In
a darkened purple forest, a possum in a bowler hat lit a paper
cigarette and waited.
Darren didn't like this, not at all. He'd always known his boss was crazy, but this, pitting him against the monster, leaving him alone in the forest with Frisco—it meant Darren was a redshirt, disposable. There was no other explanation. He was completely exposed, on the edge of a big, treeless circle, clearly visible anyone who might come by. On nights like this, he wished he'd never become a raider.
“How does he even know she'll come this way?” Darren muttered to himself.
Frisco seeped out of the shadows and pushed his face next to Darren's. “Shut up,” he told Darren. “You just do what you're supposed to do.” Darren didn't even have time to shudder before Frisco had gone again.
What he was supposed to do was wait in plain sight and let the monster get close. Very close. Then he was supposed to pick up the bat that was leaning beside the tree behind him and crack her over the head with it – and hope that that was enough to keep her down. He'd heard rumours that she could burn people at a distance with her laser eye and he wholeheartedly believed them to be true. Craven Lorne had said she'd been beautiful, once. That, Darren had trouble believing.
At length, the monster came. Even with Darren's night vision, his first view of her was just a light, a floating green orb that seemed to dodge erratically among the trees. By the time she stepped into the circle and her face was fully visible, Darren had felt himself freeze. His hands were clenched so hard he didn't think he would be able to pick up the bat. Every part of him wanted to play dead.
Darren couldn't see Frisco, or hear him, but he could picture him, skulking around in the dark, getting ready to attack, taking meticulous mental notes about every movement, every sigh, every hesitation that Darren made.
The monster saw him. There was no escaping it now. Darren reached behind him and groped around for the bat. As his hand wrapped around the handle, he heard a woman's voice, tired and sarcastic, asking if she was there yet, then perking up slightly and saying, “Hey, see that light? I think that's Minty.”
Minty tilted her head, slightly, regarded Darren, then continued her jerky walk toward him and the voices behind him.
Darren relaxed. He couldn't attack her now. Clearly she had friends around and he had no idea how many. He couldn't risk it. There was nothing he could do, and no one could blame him for biding his time. For a second, relief poured over him.
Frisco poured out of the darkness, and rushed toward Minty. He grabbed her arm with his long, thin fingers and squeezed so heard that the porcelain seemed about to fracture. Minty turned her head and looked at him, her eye whirring continuously as it tried to focus.

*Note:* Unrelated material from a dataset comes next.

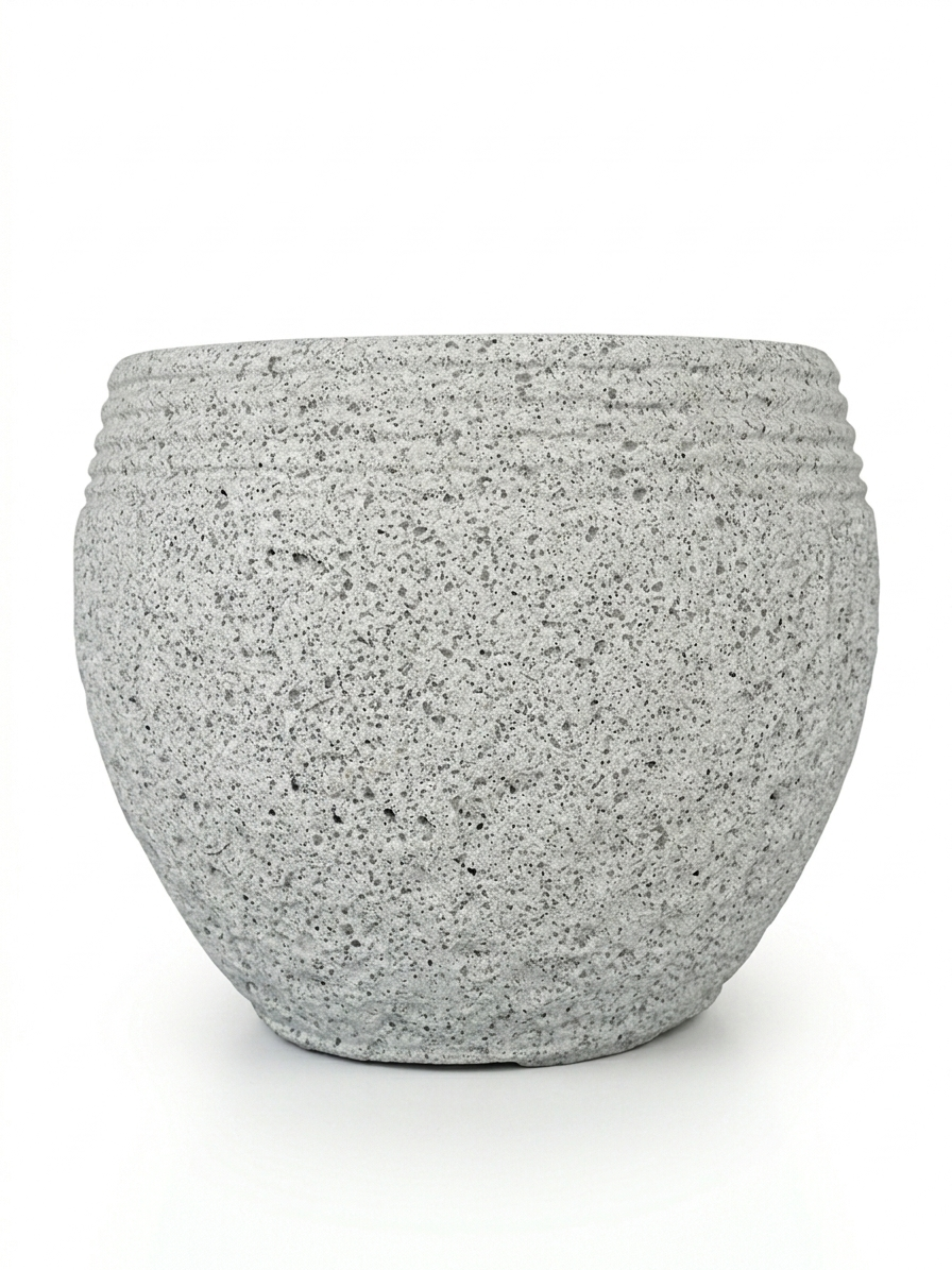 Декоративна кашпа с бетонна визия в сив цвят и текстуриран релеф. Подходяща за външна употреба в градини, дворове и тераси, както и за интериор в модерен или индустриален стил. Здрава и устойчива конструкция, идеална за различни видове растения.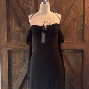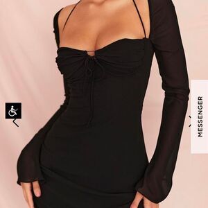 New months material stretches, This elegant black dress features long sleeves and a flattering fit, perfect for any occasion.

“The things we'll do to you,” Frisco said, smilingly. “Oh, you can't even imagine.”
“Let her go.” That voice, Darren thought he could almost recognize. There was a rabbit – Darren had seen him a couple of times from a distance and heard him shout a word or two. He was obsessed with killing raiders. As if it was his personal mission.
Frisco wrenched on Minty's arm and Darren thought he heard something crack. Darren hoped, for a split second, that the rabbit would kill Frisco, that the monster would escape and he could go back to the boss and say that it hadn't been his fault – or better yet, he could just quietly disappear and everyone would think he'd been killed too. But, he realized, if Frisco was dead, there would be nothing to stop the rabbit from coming after him next.
“I said—” said the rabbit.
There was a twang and something rushed past Darren's head, passed through Frisco's arm and stuck in a tree.
Frisco
screamed. Darren could just make out that the something had
been an arrow. Frisco had had to melt his arm to avoid being hit and
the monster had used the opportunity to run away.
Minty reached Daisy Chain and his human almost instantly and the three of them ran, for what seemed like an eternity. Finally, they reached a cornfield with pale gold stalks taller than Daisy Chain and a royal blue sky.
“Come on,” Daisy Chain said, nodding toward the field.
His
human sighed, and started to walk, but hesitated when she noticed
that the others hadn't joined her.
Daisy Chain was waiting for Minty. “Come on,” he repeated. “You'll be safer with us.”
Minty stared.
“Come with us,” said the human, even though the invitation clearly caused her pain to give. “Really.”
Minty turned and ran, along the edge of the forest, then veered sharply and disappeared into the tall stalks of corn.